2) Scientists are often evaluated based on criteria that do not reward reproducible science but rather the sheer number of publications. Securing a publication that meets a journal’s minimal methodological requirements (which are not very high) is easier and faster than publishing a robust, reproducible study (which, for instance, might require larger sample sizes or multiple repetitions of an experiment). Consequently, it can be better for a researcher’s career to publish many less reliable papers than fewer but more trustworthy ones.

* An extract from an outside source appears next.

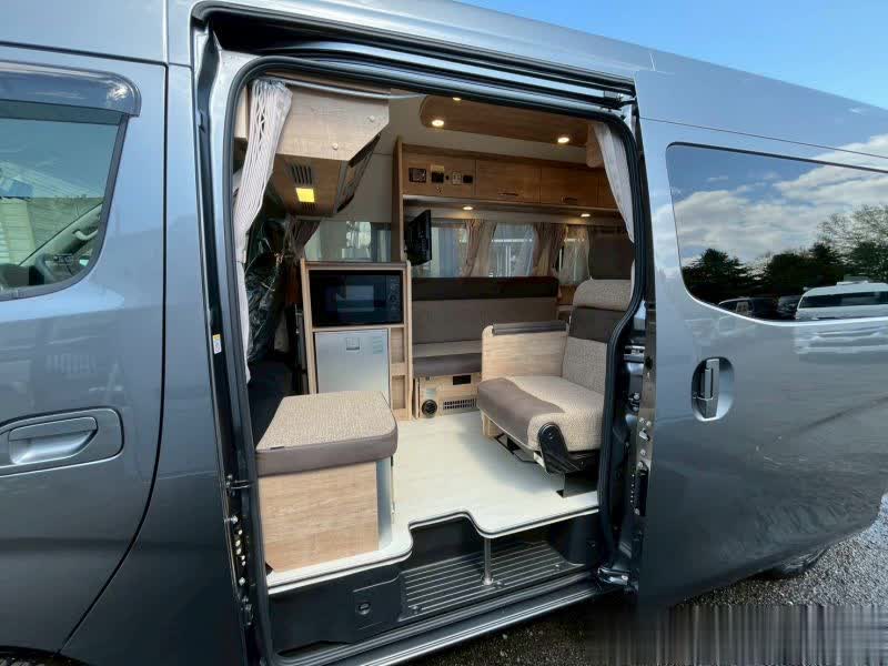 这台日产NV350露营车,柴油2.5升排量,配有四驱系统,能源充沛通过性更好。后置厨卫筹划,里面座椅多变,转机空间大,床位可以睡下多东说念主,车内有基本的水电生计法子,稳健小家庭近郊旅愚弄用。

3) Another key factor in a scientist’s career—also assessed by funding agencies and universities—is how interesting the “story” behind the results appears to be (think of the appealing, intuitive stories Wansink told). Naturally, this can lead to a focus on narrative over empirical strength, such as downplaying (or burying) contrary evidence and overstating supportive data. Over time, these practices can make a published story look rock-solid when it’s really a product of selective evidence and exaggeration.

What can be done?

Fortunately, there is reason for optimism. The international scientific community is increasingly aware of these issues, and there are new initiatives underway to address the three main causes mentioned above. Although it is a difficult task—like any cultural change—some fields are already showing important shifts. Examples include introducing new standards for statistical analysis and experimental design, revising methods for evaluating researchers, and requiring greater transparency (e.g., making all generated data publicly accessible), which allows for better error detection. Universities, funding agencies, societies, and scientific journals must support these initiatives against the inertia in academia to improve science’s overall social impact. It remains to be seen how long it will take for these efforts to be integrated into the culture, and whether they will succeed in boosting reproducibility in the scientific literature.

Finally, it helps to end with a note on how science fundamentally works. Reaching a scientific truth is typically a continuous process over many years. At any given time, multiple hypotheses compete, and individual studies provide evidence for or against them, but rarely is a single study decisive. As evidence accumulates, the scientific community reaches a consensus on certain aspects of the world and then builds on those conclusions. This is important because it means that science does not depend on each individual study being infallible; rather, it depends on weighing each study according to its value and robustness. The reproducibility problem makes it more difficult to use published results to advance knowledge, but it does not stop science from functioning as it always has. What does this mean for people who want to stay informed about scientific developments? It means that no single study can tell us whether eating chocolate or having a daily glass of wine is good or bad for our health, whether a certain educational method is best for our children, or whether the key to happiness lies in getting an hour of sun every day or forcing ourselves to smile. Collections of studies—such as science-based books—are generally a better source of reliable information, though as in the case of Wansink’s books, there can still be pitfalls. We simply need to maintain a healthy level of skepticism about what we read, recognize the difference between scientific consensus and individual findings claiming to have found definitive answers, and choose trustworthy sources that prioritize the robustness of the evidence over “telling a good story.”